AVAILABLE DATA START

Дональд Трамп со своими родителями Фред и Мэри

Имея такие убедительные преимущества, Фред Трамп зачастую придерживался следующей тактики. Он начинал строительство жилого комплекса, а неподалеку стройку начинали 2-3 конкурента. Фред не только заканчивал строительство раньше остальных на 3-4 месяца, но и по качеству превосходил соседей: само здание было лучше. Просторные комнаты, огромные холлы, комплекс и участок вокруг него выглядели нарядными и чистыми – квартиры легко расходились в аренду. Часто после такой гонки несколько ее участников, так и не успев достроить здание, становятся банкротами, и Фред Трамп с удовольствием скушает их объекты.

AVAILABLE DATA END
AVAILABLE DATA START

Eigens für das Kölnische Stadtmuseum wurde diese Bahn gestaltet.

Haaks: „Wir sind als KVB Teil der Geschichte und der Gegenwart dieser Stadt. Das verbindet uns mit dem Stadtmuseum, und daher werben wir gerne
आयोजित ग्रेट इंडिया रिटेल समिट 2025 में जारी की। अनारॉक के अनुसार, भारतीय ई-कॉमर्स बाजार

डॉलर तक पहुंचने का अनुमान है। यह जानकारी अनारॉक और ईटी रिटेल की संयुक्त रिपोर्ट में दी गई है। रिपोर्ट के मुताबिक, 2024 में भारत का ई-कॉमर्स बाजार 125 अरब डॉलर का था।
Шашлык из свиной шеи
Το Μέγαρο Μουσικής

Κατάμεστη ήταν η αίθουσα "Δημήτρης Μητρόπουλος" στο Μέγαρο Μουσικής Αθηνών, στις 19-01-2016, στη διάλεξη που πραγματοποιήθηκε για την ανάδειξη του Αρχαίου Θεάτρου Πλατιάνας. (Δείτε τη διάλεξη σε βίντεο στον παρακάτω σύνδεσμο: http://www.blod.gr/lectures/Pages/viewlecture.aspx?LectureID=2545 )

AVAILABLE DATA END
AVAILABLE DATA START

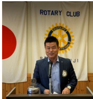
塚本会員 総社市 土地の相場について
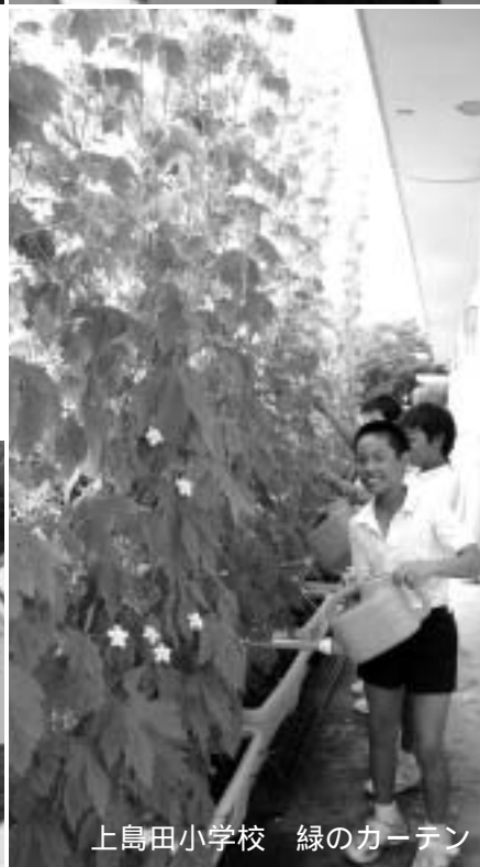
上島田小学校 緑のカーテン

AVAILABLE DATA END

| AIM OF THE TASK |
From the records above, return each line that has the string "Фред".

| RESULT |
Дональд Трамп со своими родителями Фред и Мэри
Имея такие убедительные преимущества, Фред Трамп зачастую придерживался следующей тактики. Он начинал строительство жилого комплекса, а неподалеку стройку начинали 2-3 конкурента. Фред не только заканчивал строительство раньше остальных на 3-4 месяца, но и по качеству превосходил соседей: само здание было лучше. Просторные комнаты, огромные холлы, комплекс и участок вокруг него выглядели нарядными и чистыми – квартиры легко расходились в аренду. Часто после такой гонки несколько ее участников, так и не успев достроить здание, становятся банкротами, и Фред Трамп с удовольствием скушает их объекты.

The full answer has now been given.